* _Goal of the exercise_
An exact copy of the listing below is required, minus its pictures.

* _Data excerpt_

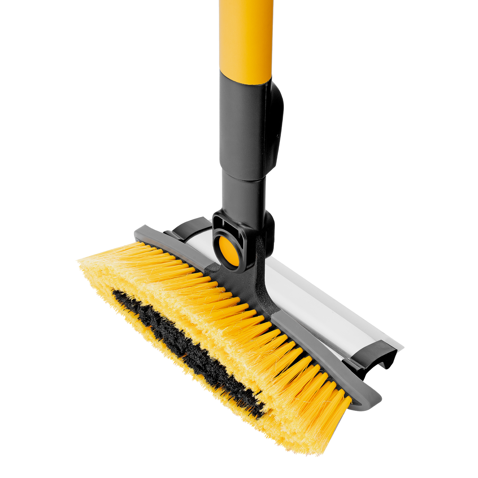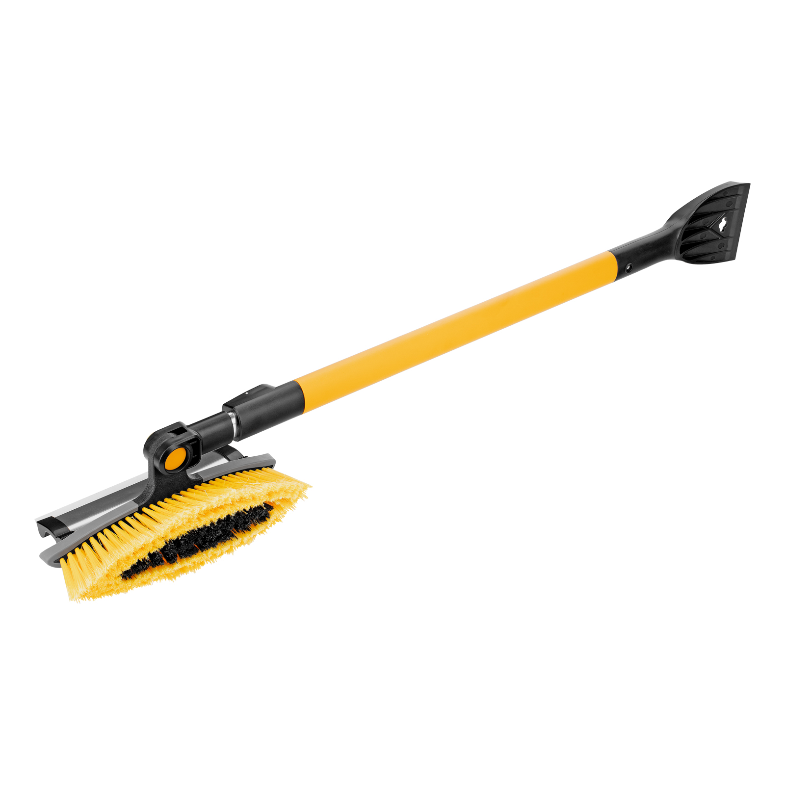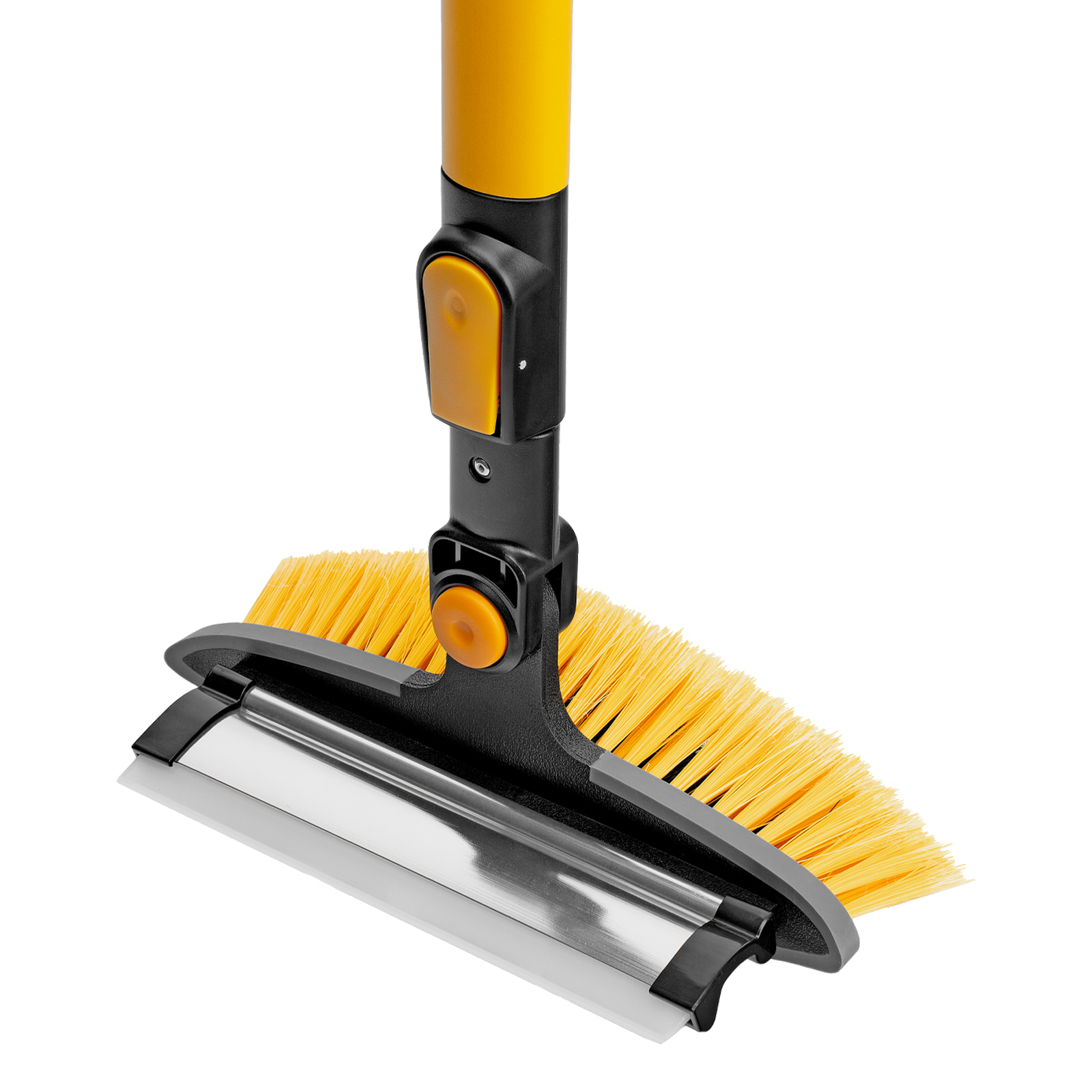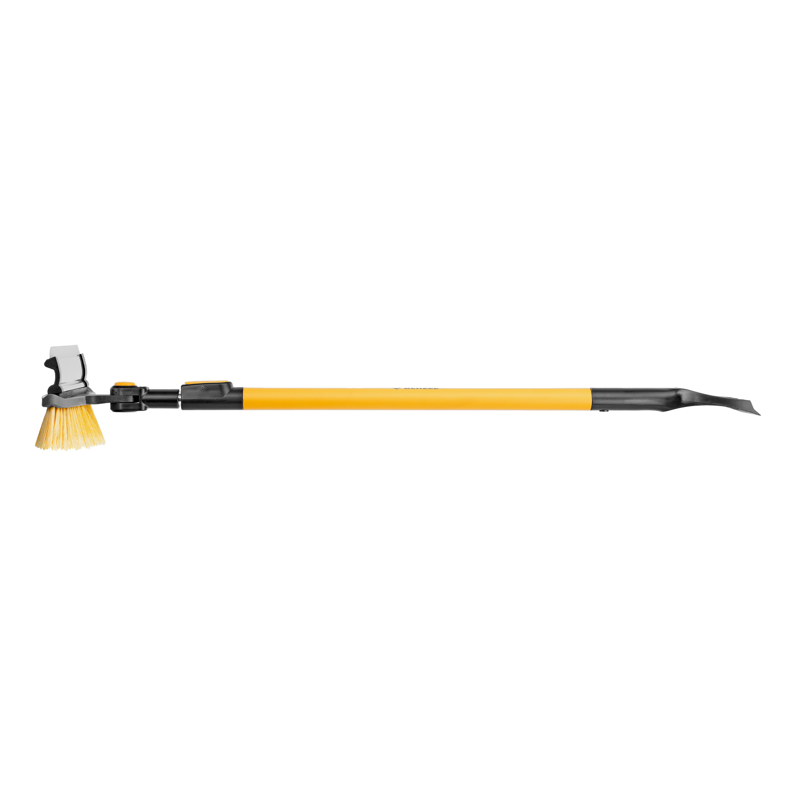 - Регулировка длины — рукоятка выдвигается и фиксируется на длине 95-132 см, за счет чего можно без труда очистить крышу транспортного средства.
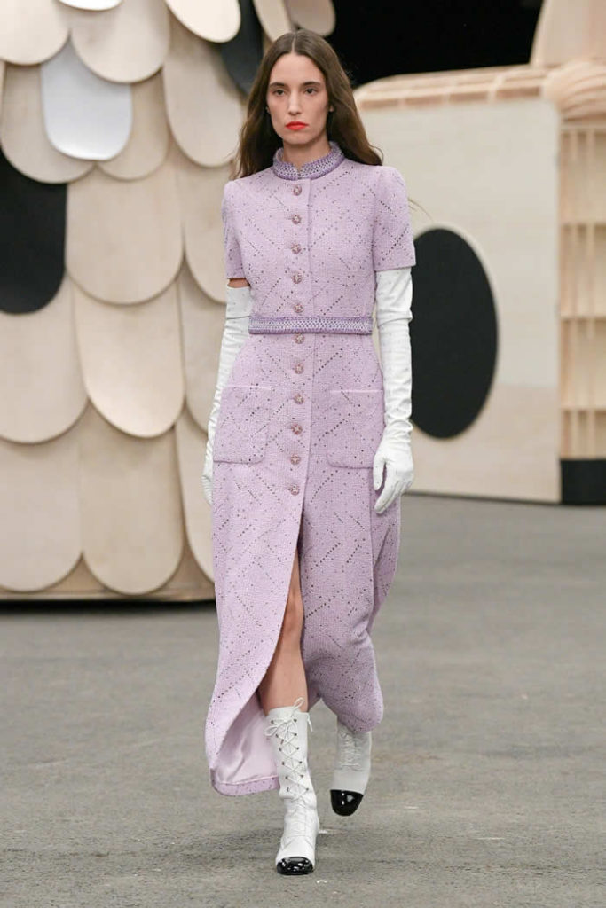 Proceeding “not too obviously” might actually be Viard’s motto. So it was when the collection switched from short and sweet daywear to long and slim evening. Within this sequence, there was a chic, neat, parma-violet short-sleeved tweed coat, worn with white leather opera gloves, long, body-skimming dresses in tiny polka dots, and black or white lace.
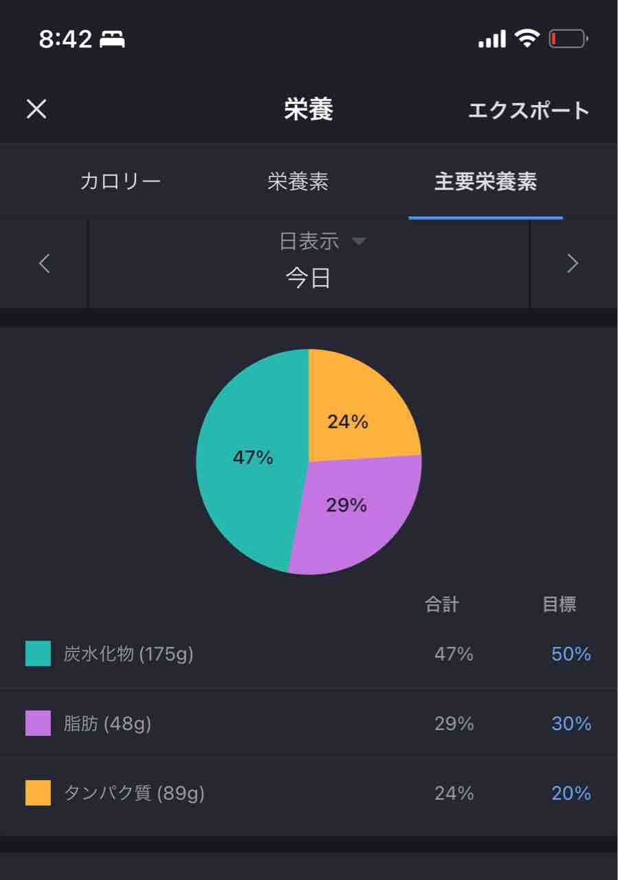 たんぱく質(P)80-100g,脂質(F)40g以上,炭水化物(C)残りの分
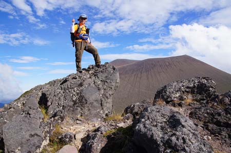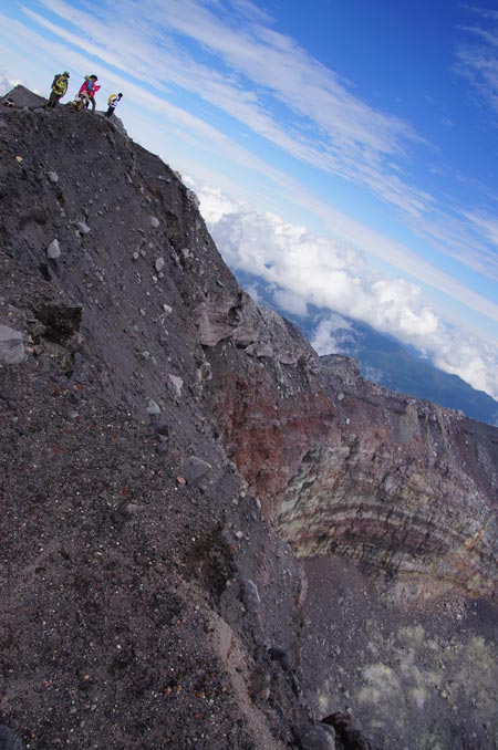 火口縁に沿って歩く |

* _Output below_
 - Регулировка длины — рукоятка выдвигается и фиксируется на длине 95-132 см, за счет чего можно без труда очистить крышу транспортного средства.
 Proceeding “not too obviously” might actually be Viard’s motto. So it was when the collection switched from short and sweet daywear to long and slim evening. Within this sequence, there was a chic, neat, parma-violet short-sleeved tweed coat, worn with white leather opera gloves, long, body-skimming dresses in tiny polka dots, and black or white lace.
 たんぱく質(P)80-100g,脂質(F)40g以上,炭水化物(C)残りの分
 火口縁に沿って歩く |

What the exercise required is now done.